UNESCO World Heritage Site

Central Highlands of Sri Lanka is a recognised World Heritage Site in Sri Lanka. The site comprises the Peak Wilderness Protected Area, the Horton Plains National Park and the Knuckles Conservation Forest. These are rain forests and montane cloud forests where the elevation reaches 2500 m above sea level. The region harbors a variety of mammal species including the bear monkey, Trachypithecus vetulus monticola, (a subspecies of purple-faced langur) and the critically endangered [possibly extinct] Horton Plains slender loris, Loris tardigradus nycticeboides, (a subspecies of red slender loris).

This is the first Sri Lankan World Heritage site to be designated in 22 years, since the Sinharaja Forest Reserve was enlisted in 1988. Originally submitted for inscription as a mixed cultural and natural site, the Committee recognized only the natural values of the site.

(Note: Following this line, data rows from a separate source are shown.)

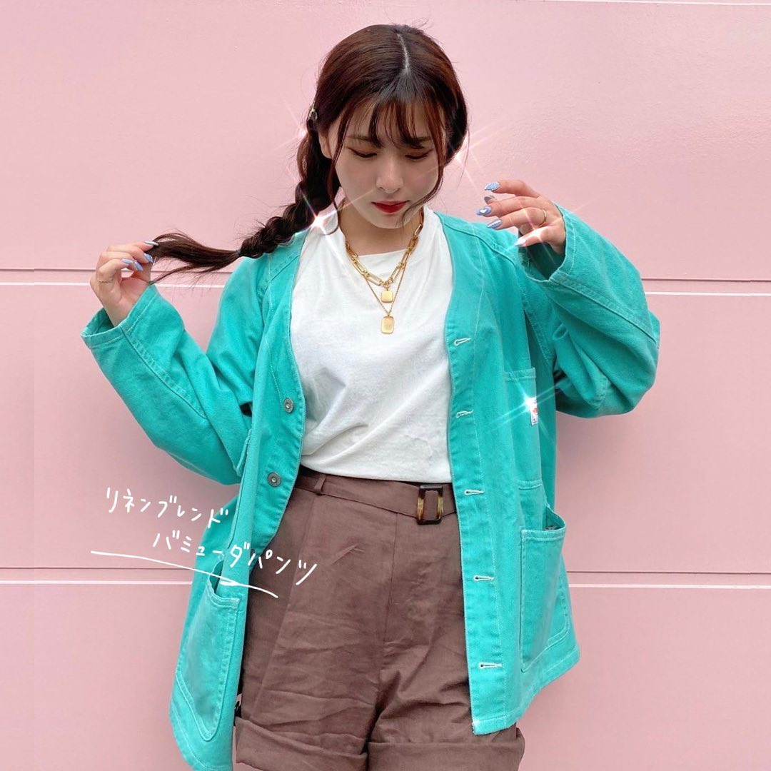 リネンブレンドのナチュラルな風合いが、爽やかな、抜け感のある着こなしに✨Tシャツ合わせが、めちゃ可愛い😘優しいブラウンは、色々なカラーにマッチするから、お洒落さんにはもってこい👌イチオシのバミューダパンツ🙌
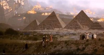 4 photogrammes de destructions planétaires : l'Opéra de Sydney ; la Tour Eiffel et les gargouilles de Notre-Dame à Paris (Independence Day Résurgence) ; les pyramides Egyptiennes de Gizeh... et l'Afrique !!!!
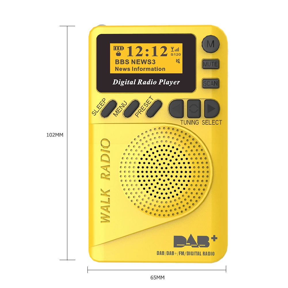 Устройство имеет карманный размер DAB/DAB + цифровое радио, используемое для пеших прогулок, автобусных прогулок или бега. Легко носить с собой в кармане. Слушайте кристально чистое высококачественное цифровое радио DAB + и вашу любимую музыку на этом радио DAB +, вы также можете использовать это устройство для приема fm-радиостанций. Это устройство может воспроизводить музыкальный файл MP3 с tf-карты.
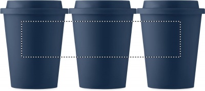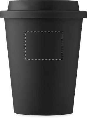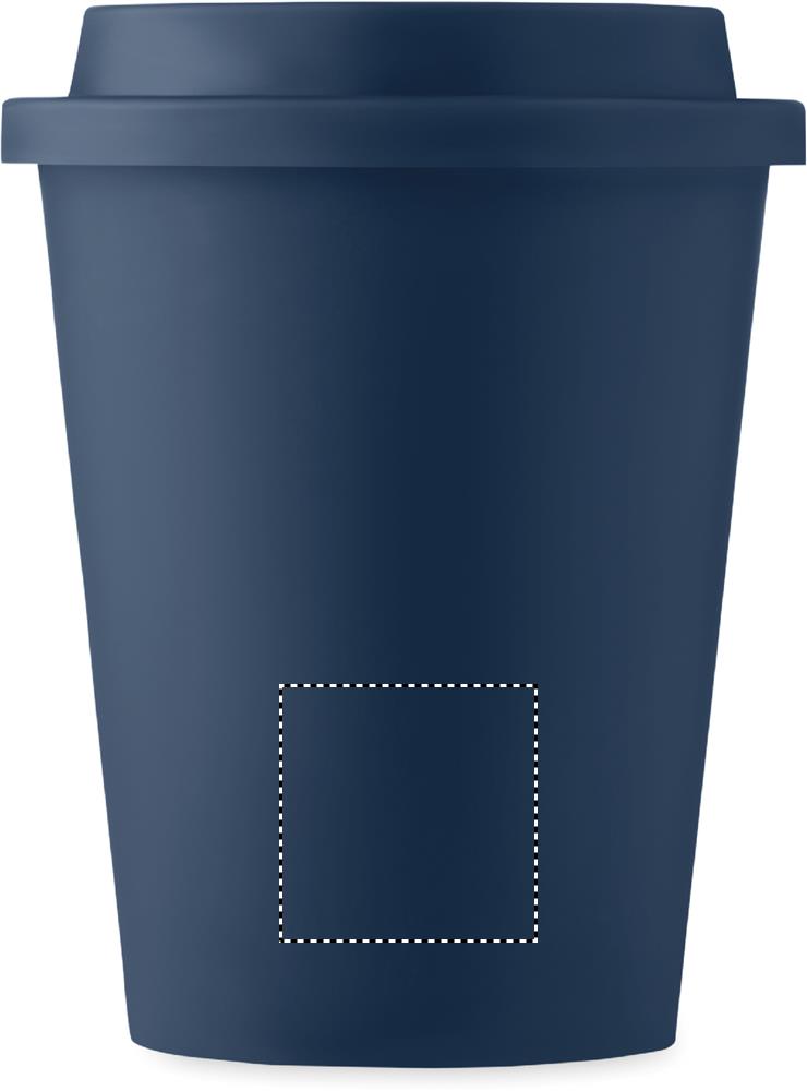 Kaksiseinäinen 300 ml muki PP kannella. Yksinkertainen tumbler-muki, joka pitää juomasi lämpimänä pitkään. Kannessa on juoma-aukko.
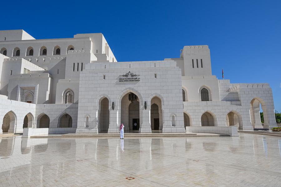 Foto tirada em 11 de janeiro de 2025 mostra uma vista da Casa Real de Ópera de Mascate em Mascate, Omã. (Xinhua/Liu Lei)
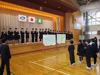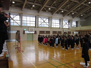 6年生の素敵なリコーダーの音色が体育館に響きました。
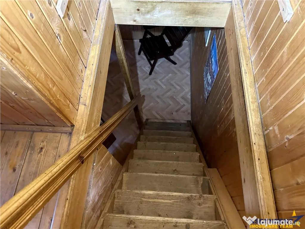 Casa de vacanta are la sol 64 mp si este compusa, la parter, din: o camera de zi, doua camere, o bucatarie, iar la mansarda din: un hol, patru dormitoare.
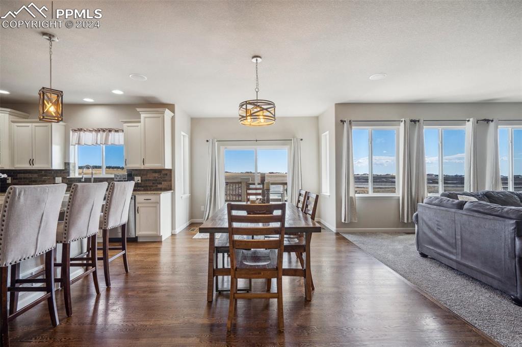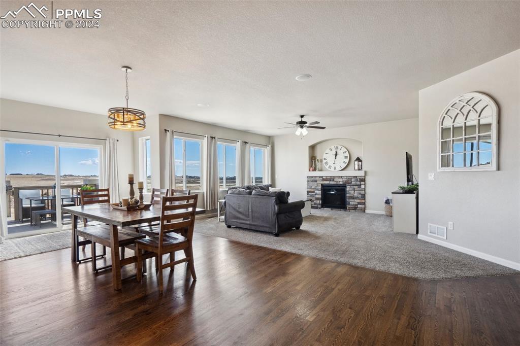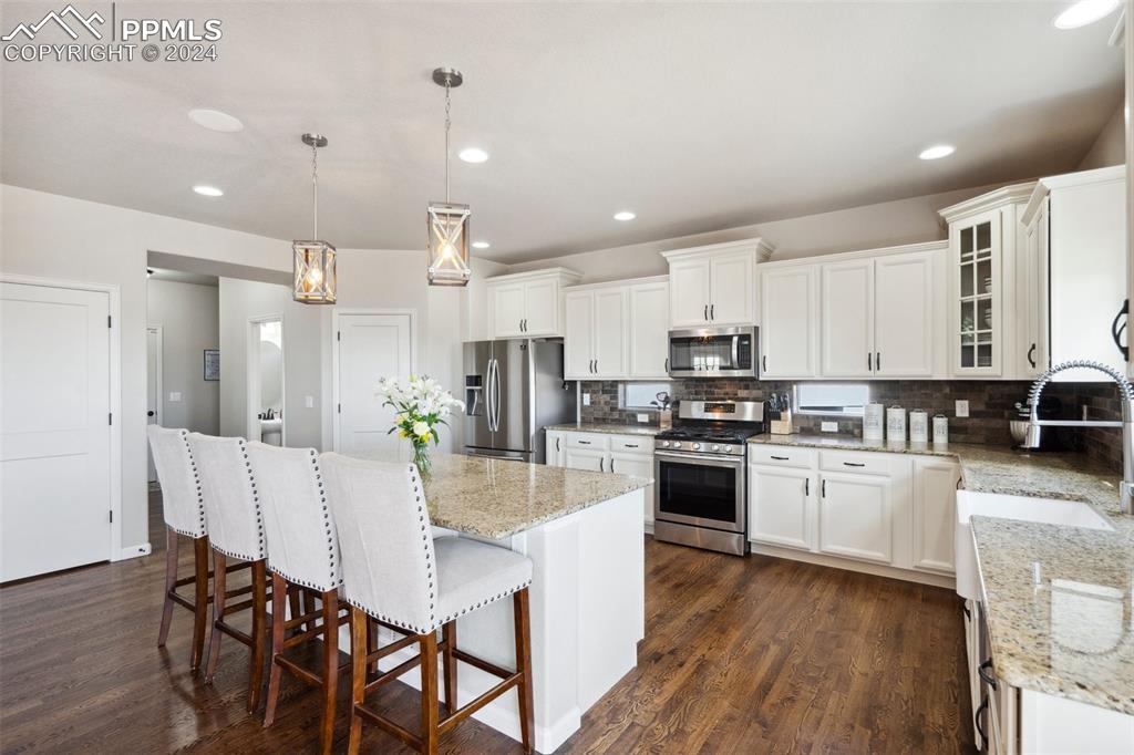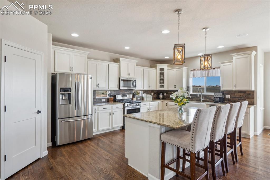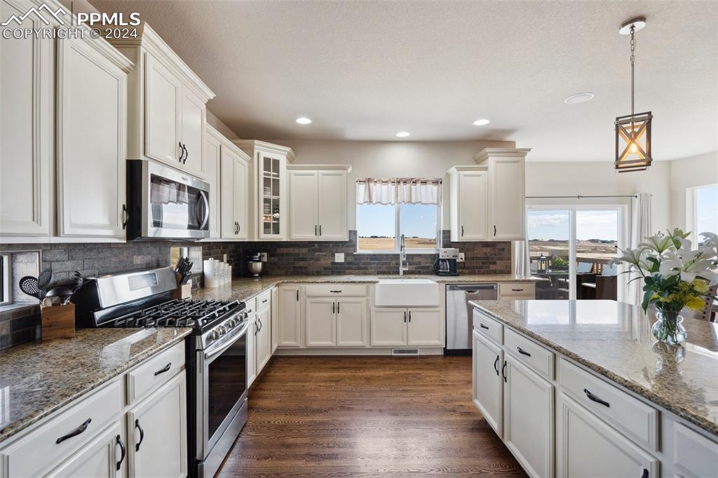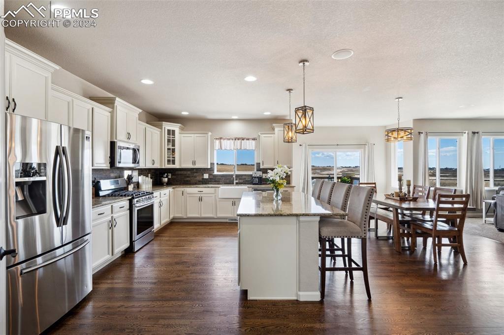 BETTER THAN A MODEL!! Brand New, Perfect condition inside and out. Professional landscaping greets you and brings you into this gorgeous home. Wood floors throughout the main level with open concept living area with spacious kitchen and island. Granite countertops gas range and upgraded Stainless Steel appliances accented by Custom antigied cabinets and upgraded light fixtures. Spectacular Mountain Views from the front and open space views in the back bordering creek, lake and walkways. Upstairs features 4 big bedrooms and luxury master suite with Custom tiled 5 piece bath with dual heads shower. The walkout basement showcases a Custom bar that you gotta see to believe with 2 fireplaces and entertainment family room. Another big bedroom with French doors and full bath. More extras include built in surround sound, Central A/C, hot tub, shed, LED custom exterior lights, tankless water heater. All in District 20 Schools!!
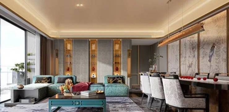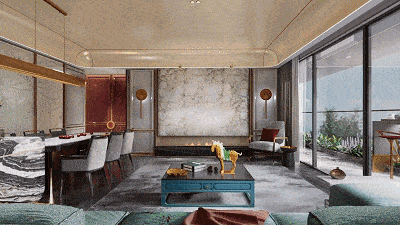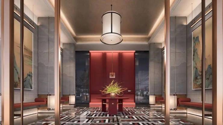 旭辉铂森的室内装修风格,提取东方雅韵的古典元素——绛红、天青、黛蓝、瓦灰、玳瑁等,定制富有个性化、尊贵感的东方美学居所。
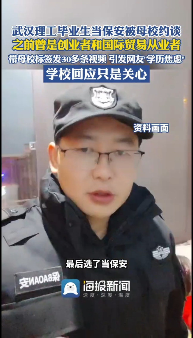 主播说丨武汉理工毕业生当保安被母校约谈引发网友“学历焦虑” ,学校回应只是关心
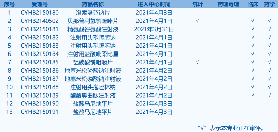 3.CDE網(wǎng)站公示13個(gè)仿制藥一致性評(píng)價(jià)任務(wù),涉及洛索洛芬鈉片等藥品。(截至4月5日)
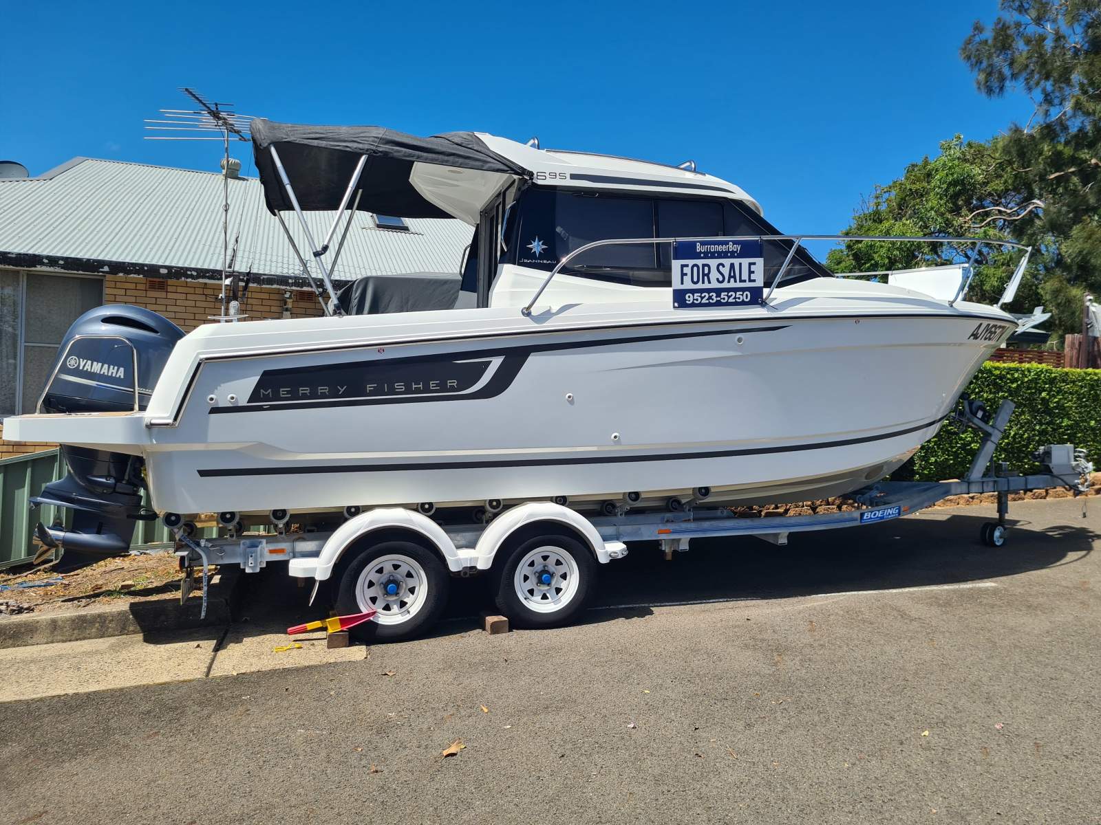 Merry Fisher 695, perfect weekender 2019 model, Yamaha 175hp only 535 hours, service history, Garmin Echomap 9 inch GPS/Fish finder, Fusion RA55 Bluetooth stereo, Elect windlass, sunroof, 40 litre fridge, Sink, Marine toilet with holding tank, V berth plus convert dinette, full curtains, Rear sun awning, front sun pad, Roof racks for your SUP, s, aft deck wash, rear table converts to day bed. On a Boeing tandem trailer towable by most large family vehicles.
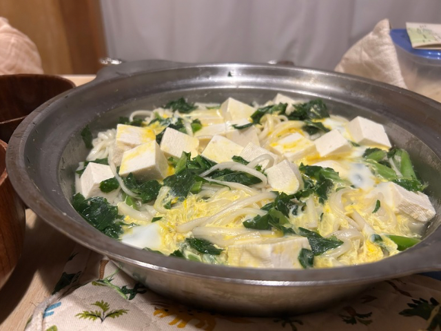 少し遅めの朝ごはんに、野菜たっぷりの優しいうどんが、いっそう嬉しい季節。
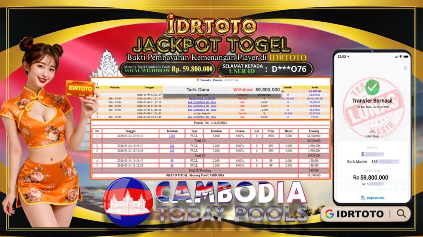 IDRTOTO JACKPOT PERMAINAN TOGEL CAMBODIA POOLS Rp.59.800.000 – LUNAS
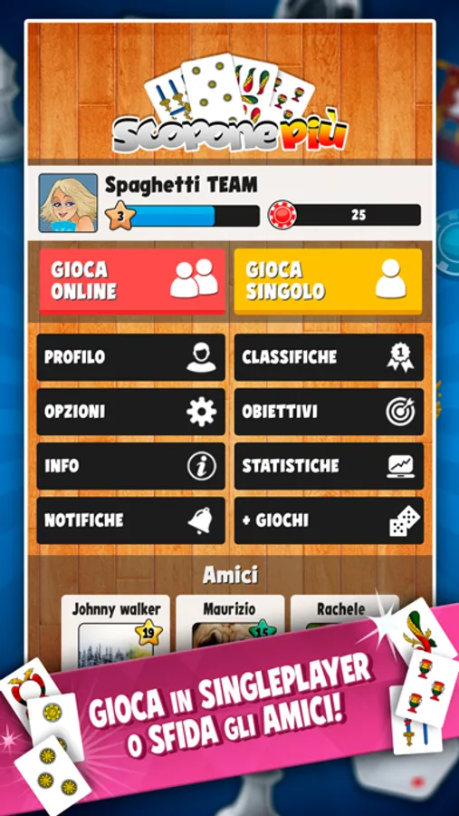Visit www.spaghetti-interactive.it and find all our other fun classic Italian and international card games: scopa, briscola, burraco, scopone, tressette, rubamazzo, assopiglia and scala40. You will also find board games like checkers and chess!
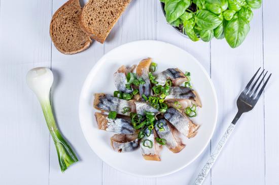 Обои Куски скумбрии на столе с луком, хлебом и базиликом
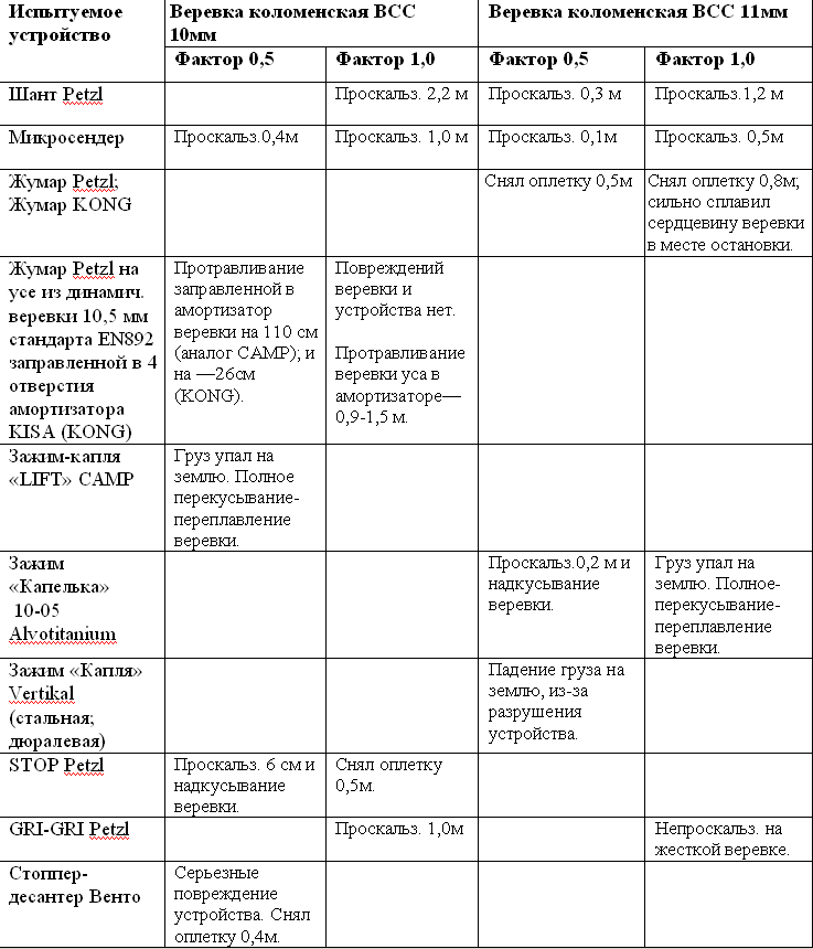 В испытаниях при рывках без амортизатора уже при факторе 0,5 он снял оплетку с основной веревки на участке 0,45 м, тем самым погасив рывок. При факторе 1 снятие оплетки произошло уже на интервале 0,8 м и в конце его произошло сплавление и оплетки, и частично сердцевины веревки. Однако, груз оставался висеть, т.е. рывки жумар выдержал.

On 31 July 2010, the World Heritage Committee holding its 34th session in Brasília inscribed Central Highlands of Sri Lanka and Papahānaumokuākea of Hawaii as new World Heritage Sites.

==Sites==
The Sri Lanka montane rain forests represent the montane and submontane moist forests above 1000 m in the central highlands and in the Knuckles mountain range. Half of Sri Lanka's endemic flowering plants and 51 percent of the endemic vertebrates are restricted to this ecoregion. This ecoregion is inhabited by five strict endemic mammals and eight near-endemics. The ecoregion also harbors five strict endemic bird species and 20 near endemics. The site incorporates three protected areas;
- Peak Wilderness Sanctuary
- Horton Plains National Park and
- Knuckles Mountain Range

Peak Wilderness Sanctuary is a sanctuary of 22380 ha of land area, which was established on 25 October 1940. Horton Plains National Park adjoins the eastern boundary. Horton Plains National Park has been originally designated a nature reserve on 5 December 1969 later elevated to the national park status on 16 March 1988. Knuckles mountain range is situated to the northeast and its relict, endemic flora and fauna is distinct from montane forest of central massif.

==See also==
- List of World Heritage Sites by year of inscription (2010)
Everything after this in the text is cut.